Data segment.
....

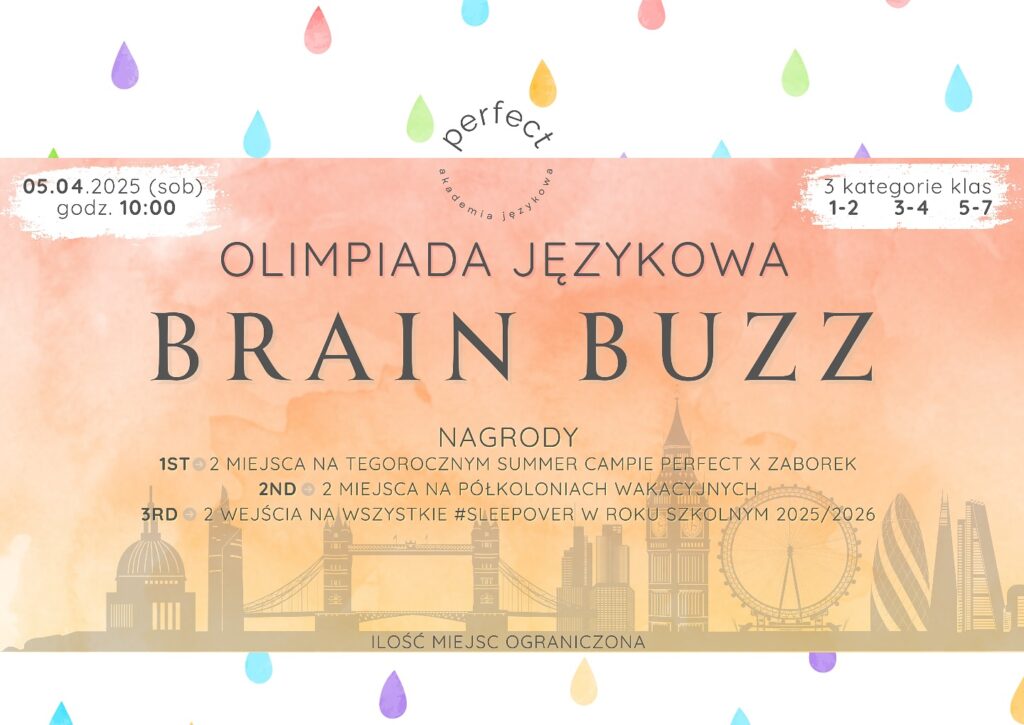 Zachęceni odbiorem poprzedniej edycji ruszamy z drugą Olimpiadą Językową Brain Buzz! Pamiętacie, jak było rok temu? Na pewno trudno: nasi lektorzy przygotowali wymagające zadania, sprawdzające wszystkie zdolności językowe. Dwójka uczniów poradziła sobie znakomicie i zdobyła atrakcyjne nagrody. W tym roku łatwiej nie będzie, ale oczywiście jest o co walczyć, bo oferujemy następujące nagrody: 1. miejsce:
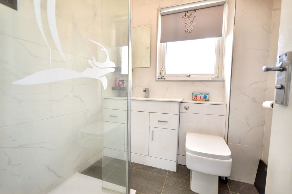 Walk-in shower with glass screen incorporating a mains rainfall head shower and separate hand-held attachment | Fitted cabinets incorporating a wash-hand basin and W.C. | Chrome ladder style electric radiator | Fully tiled walls and floor | UPVC double-glazed frosted window
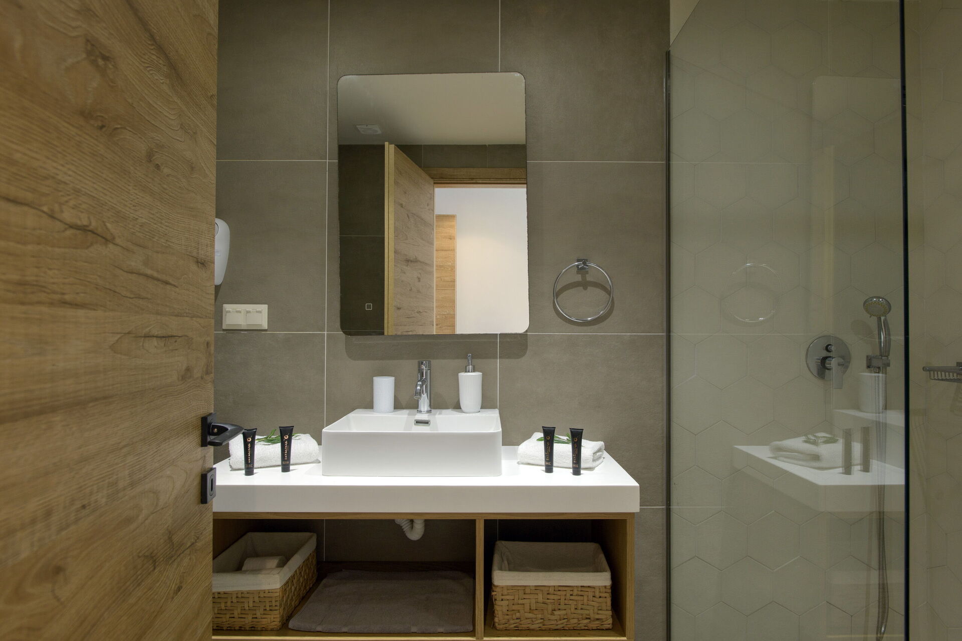 Begane grond: leefruimte met woonkamer (smart TV), eethoek en keuken (oven, vriezer, vaatwasser, magnetron, broodrooster, waterkoker en koffiezetapparaat); WC; 2 slaapkamers, elk met eigen badkamer met douche; slaapkamer met 2 eenpersoonsbedden (kunnen op aanvraag worden samengevoegd) en eigen badkamer met douche.

....

Goal of the exercise. After dropping the pictures, please set down the lines from the beginning of the listing through the line containing "Walk-in shower with", both included, exactly as they stand.

Exercise output.
 Zachęceni odbiorem poprzedniej edycji ruszamy z drugą Olimpiadą Językową Brain Buzz! Pamiętacie, jak było rok temu? Na pewno trudno: nasi lektorzy przygotowali wymagające zadania, sprawdzające wszystkie zdolności językowe. Dwójka uczniów poradziła sobie znakomicie i zdobyła atrakcyjne nagrody. W tym roku łatwiej nie będzie, ale oczywiście jest o co walczyć, bo oferujemy następujące nagrody: 1. miejsce:
 Walk-in shower with glass screen incorporating a mains rainfall head shower and separate hand-held attachment | Fitted cabinets incorporating a wash-hand basin and W.C. | Chrome ladder style electric radiator | Fully tiled walls and floor | UPVC double-glazed frosted window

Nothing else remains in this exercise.